Поднялся сидевший в президиуме секретарь парткома, полковник и обратился к кому-то в зале:

— Капитан Иванов, незрелое мнение о сокращении доклада райкома комсомола является незрелым мнением лейтенанта Сидорова или незрелым мнением всего вашего отделения.

Капитан Иванов (фамилии я, естественно, привожу условные) четко отрапортовал:

— Предложение о сокращении доклада райкома комсомола является незрелым мнением лейтенанта Сидорова.

И мне пришлось читать весь доклад.

467. Обед у министра без министра

После доклада в Министерстве охраны общественного порядка меня пригласили отобедать.

Вел на обед секретарь парткома. Мы прошли через несколько коридоров, спустились на лифте и попали в маленькую комнату, где был сервирован стол на четырех человек. За стол сели секретарь парткома, секретарь комитета комсомола и я. Четвертое место оставлялось пустым.

— Это для министра, — объяснил секретарь парткома.

Подали закуску. Потом первое. Подали первое и отсутствующему министру.

— Министр задерживается? — спросил я.

— Нет, он в Ташкенте.

— Так он вряд ли придет, — высказал я предположение.

— Вряд ли, — согласился секретарь парткома.

В это время отсутствующему министру принесли второе.

— Так зачем это? — я показал на блюдо.

— На всякий случай, — спокойно ответил секретарь парткома.

Через много лет я встретился с Тикуновым. Тогда он был послом в Камеруне. Я часто бывал в Камеруне, и он всегда приглашал меня к себе домой.

Однажды я рассказал ему историю с обедом. Он ответил:

— А я иногда неожиданно приезжал.

— Сколько раз? — спросила его жена.

Он подумал и ответил:

— Ни разу.

468. Крах эгоиста

Однажды я явился домой в три часа ночи.

— Заседание бюро затянулось, — объяснил я Ларисе.

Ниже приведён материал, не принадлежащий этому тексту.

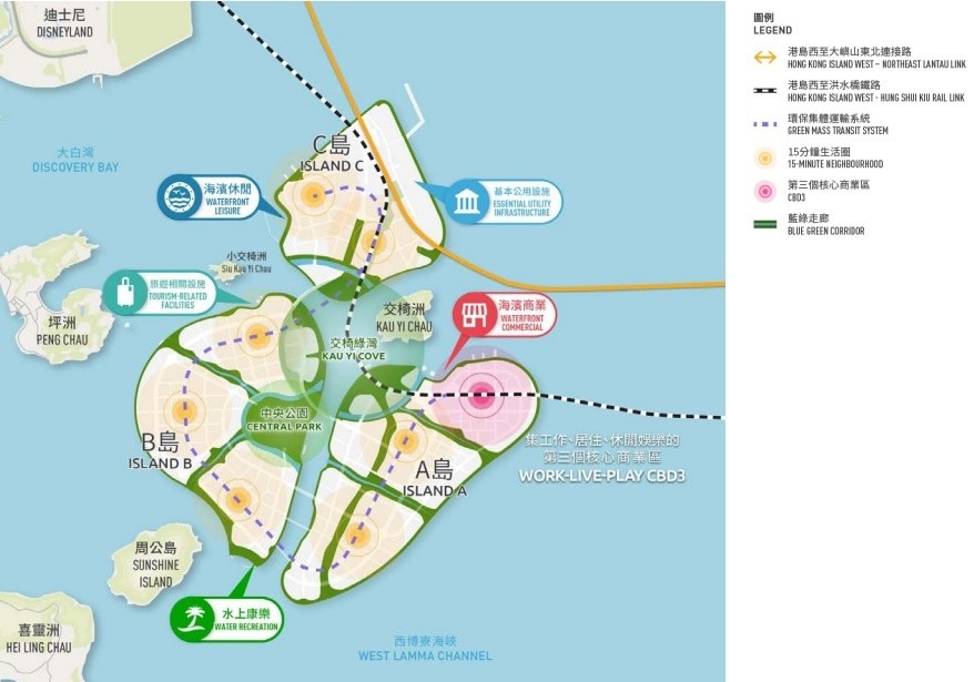發展局圖片。 另外,被問及新鐵路起點由屯門改為洪水橋,是否忽略屯門居民,劉國勳回應指,中部水域人工島只是整個明日大嶼計劃其中一部分,日後屯門西及龍鼓灘都會有其他發展項目,可以留待屆時再作研究。 出席同一節目的本土研究社成員陳劍青則指,政府計算成本時,未有計及未來20年的通脹,亦無計算相關基建的成本,加上填海深度較過去項目多出一倍,相信項目造價被嚴重低估。他續說,如果造價超出預期,會令公共資源減少,最終是市民受到影響。 根據政府提出的方案,初步建議1000公頃的交椅洲人工島,由兩島變為三個島嶼組成,興建約19萬至21萬個住宅單位,公私營房屋比例為7比3,容納50萬至55萬人口,提供27萬個就業職位。生活社區及核心商業區建議最高的住用地積比分別為6.5及7.5;其中較近港島的一個島,將設100公頃的核心商業區,合共提供約400萬平方米總商業樓面面積。 方案估計人工島私人住宅和商業用地賣地收入約為7500億港元,今年第二季的項目總工程造價粗略推算約為5800億港元,以近期市況及保守假設,土地收益仍高於工程造價;估計在交椅洲人工島全面發展後,相關經濟活動每年可帶來約2000億港元增加值,佔本地生產總值約7%。交通基建方面,會以15分鐘生活圈規劃7個社區,以環保集體運輸系統連接;興建港島西至大嶼山東北連接路,全長約13公里,將會是第一條無需經九龍來往港島和新界西北的主要幹道,建議於填海工程期間同步興建,爭取2033年完成。(完) 【編輯:孟宜君】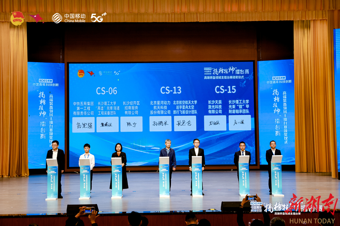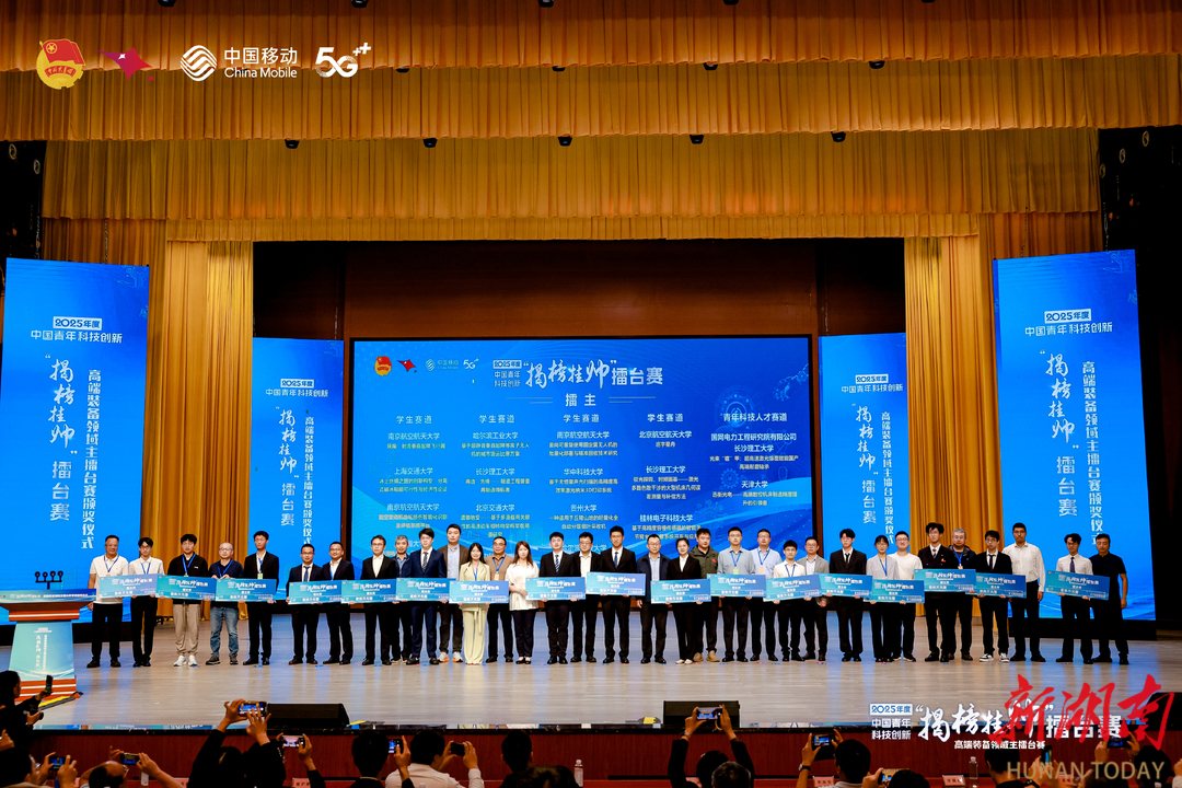 秋日星城,创新潮涌。10月14日,长沙县委党校亲民楼内掌声雷动,2025年度中国青年科技创新“揭榜挂帅”擂台赛高端装备领域主擂台赛在此圆满收官。来自全国121所高校的302支顶尖团队、近千名科创青年历经激烈角逐,最终17支团队成功“挂帅”,在“工程机械之都”擂响技术攻坚战鼓。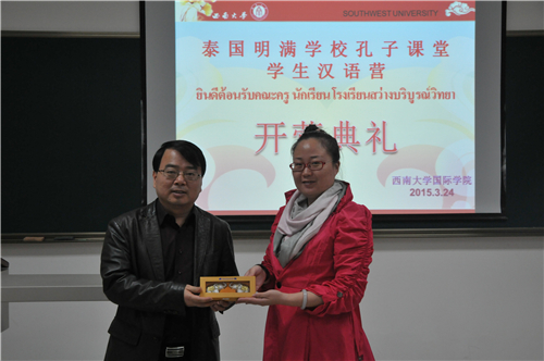 3月24日下午3点,bevictor1946韦德官网在紫云楼312教室为泰国明满公司孔子课堂汉语营师生一行21人举行了开营仪式。bevictor1946韦德官网张发钧经理、张家政副经理,教师代表李真真参加了典礼。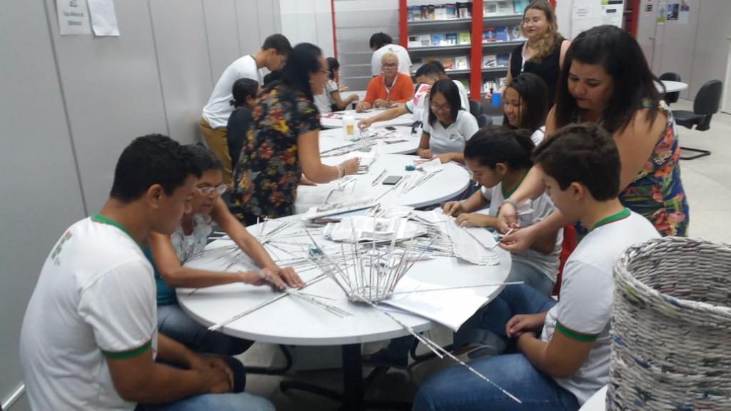 Os estudantes do 2º e 3º ano tiveram contato com as práticas iniciais para a reciclagem de papel. No primeiro momento eles aprenderam a seleção, corte dos jornais e a produção dos canudos. Já na segunda etapa, compreenderam o trançado e deram forma aos objetos, com o auxílio das quatro artesãs da Oficina. Ao todo foram produzidas 15 peças.

По ее лицу я понял, что она не поверила. Но через несколько дней я показал ей «Известия», где был напечатан фельетон «Крах эгоиста», начинавшийся словами: «До двух часов ночи заседали члены бюро Фрунзенского райкома комсомола Москвы».

Заседание было бурным. Научный сотрудник Института экономики — то ли социализма, то ли капитализма — на вечере пригласил танцевать свою коллегу. Она отказалась, и он врезал ей пощечину. Все члены бюро института, одни представительницы слабого пола, с жаром требовали его исключения из комсомола. Спор возник из-за формулировки: я считал его поступок просто хулиганством, но молодые ученые леди смотрели шире — они находили в мордобое воплощение его эгоистической натуры. В конце концов, моя взяла — его исключили за хулиганство. На заседании присутствовала корреспондент «Известий», она стала на женскую сторону, думаю, потому что иначе написать «проблемную» статью у нее не получилось бы.

У истории есть продолжение, и не одно. Свирепые девы из бюро настояли на привлечении хулигана к уголовной ответственности. И он получил год тюрьмы. Но когда женщины увидели, как у них на глазах в зале суда на парня надели наручники и увели, их сердца сразу же преисполнились жалостью. На следующий же день ученые дамы появились в моем кабинете и потребовали отдать арестованного им на поруки. Особенно настаивала на том, чтобы ей отдали хулигана на поруки, сама жертва.

— Через год, — резонно ответил я.

Они отправились в «Известия». В том, что парня посадили, они считали виновной только корреспондентку, что в принципе соответствовало истине. Шумели они солидно и долго.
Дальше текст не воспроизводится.